Effects of sex hormone-binding globulin (SHBG) on androgen bioactivity in vitro.

Author information

1
Laboratory of Molecular Endocrinology, Department of Cellular and Molecular Medicine, KU Leuven, Herestraat 49 PO Box 901, 3000, Leuven, Belgium; Gerontology and Geriatrics, Department of Clinical and Experimental Medicine, KU Leuven, Herestraat 49 PO Box 7003, 3000, Leuven, Belgium.
2
Laboratory of Molecular Endocrinology, Department of Cellular and Molecular Medicine, KU Leuven, Herestraat 49 PO Box 901, 3000, Leuven, Belgium.
3
Laboratory of Molecular Endocrinology, Department of Cellular and Molecular Medicine, KU Leuven, Herestraat 49 PO Box 901, 3000, Leuven, Belgium; Clinical and Experimental Endocrinology, Department of Clinical and Experimental Medicine, KU Leuven, Herestraat 49 PO Box 902, 3000, Leuven, Belgium.
4
Laboratory for Experimental Urology, Organ Systems, Department of Development and Regeneration, KU Leuven, Herestraat 49 PO Box 7003-41, 3000, Leuven, Belgium.
5
Laboratory Medicine, University Medical Centre Groningen, Hanzeplein 1 PO Box 30001, 9700 RB, Groningen, The Netherlands.
6
Clinical and Experimental Endocrinology, Department of Clinical and Experimental Medicine, KU Leuven, Herestraat 49 PO Box 902, 3000, Leuven, Belgium.
7
Department of Cellular and Physiological Sciences, University of British Columbia, 2350 Health Sciences Mall, V6T 1Z3, Vancouver, B.C., Canada.
8
Laboratory of Molecular Endocrinology, Department of Cellular and Molecular Medicine, KU Leuven, Herestraat 49 PO Box 901, 3000, Leuven, Belgium. Electronic address: frank.claessens@med.kuleuven.be.

Abstract

Biochemical assessments of androgen status (hyper- or hypoandrogenism) are usually based on serum testosterone concentrations. According to the free hormone hypothesis, sex hormone-binding globulin (SHBG) determines free and bioavailable testosterone concentrations. Previous studies have suggested that in vitro androgen bioassay results may also be influenced by SHBG and correlate with free or bioavailable testosterone concentrations. To test this hypothesis, we established a stable HEK293 cell line with high expression of the human androgen receptor (AR) and a luciferase reporter downstream of a classical androgen response element. Importantly, we demonstrate that bioassay results are sensitive to dilution effects which increase apparent bioactivity in an SHBG-dependent manner.

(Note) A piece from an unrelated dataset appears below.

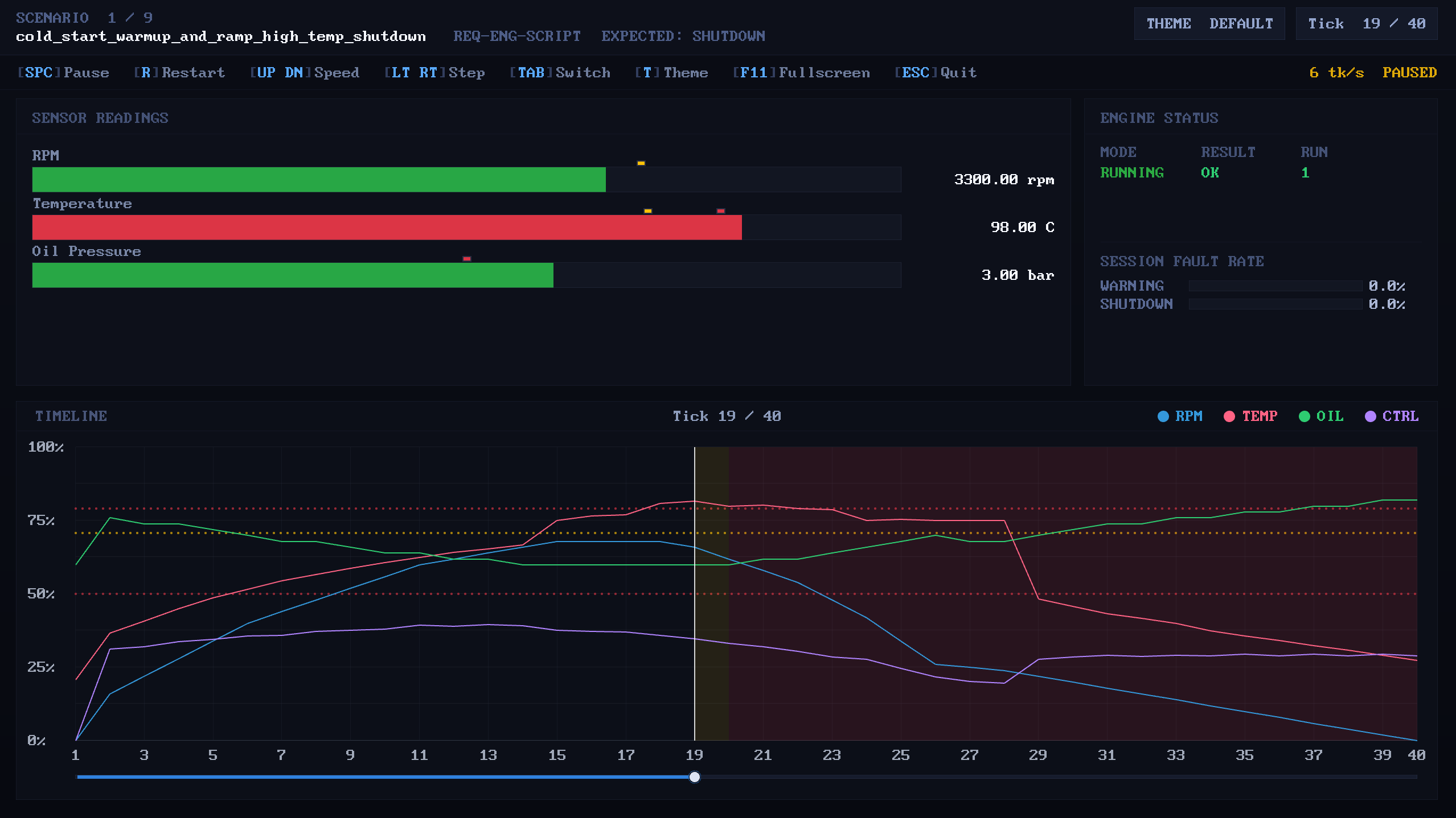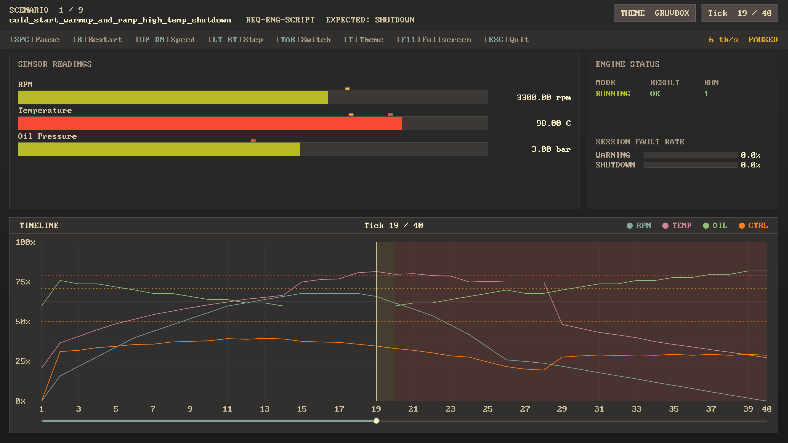 It is a separate Raylib program that reads the JSON output file and plays it back as an animated dashboard. It shows RPM, temperature, and oil pressure as real-time line graphs with threshold overlays drawn at the calibrated limits. The current engine mode (INIT, STARTING, RUNNING, WARNING, SHUTDOWN) is displayed alongside the graphs so you can see exactly which tick caused a state transition. A scrubbable tick slider lets you step forward and backward through the scenario. You can switch between multiple scenarios and see cumulative pass/fail statistics.

We therefore adopted a method using undiluted serum, which reduced cell proliferation but did not significantly affect the luciferase signal, cell viability or cytotoxicity. To correct for serum matrix effects, we applied signal correction based on internal controls with AR agonists or antagonists. Using this method, we provide direct evidence that in vitro androgen bioactivity reflects the inhibitory effects of SHBG, and correlates with free or bioavailable testosterone concentrations in adult hypogonadal men receiving androgen replacement therapy. In men receiving anti-androgens, serum bioactivity decreased tenfold while serum testosterone concentrations decreased only four-fold. Further pilot results in prostate cancer patients showed that androgen synthesis inhibitors result in more complete inhibition of androgen bioactivity than gonadorelin-based androgen deprivation therapy, even in patients whose testosterone concentrations were undetectable by mass spectrometry. We conclude that in vitro androgen reporter bioassays are useful tools to study how androgen bioactivity in serum is determined by androgens, anti-androgens as well as SHBG, provided that dilution and matrix effects are accounted for.

KEYWORDS:

Androgen receptor; Androgens; Bioassay; Luciferase; Sex hormone-binding globulin

PMID:
27576188
DOI:
10.1016/j.mce.2016.08.041
[Indexed for MEDLINE]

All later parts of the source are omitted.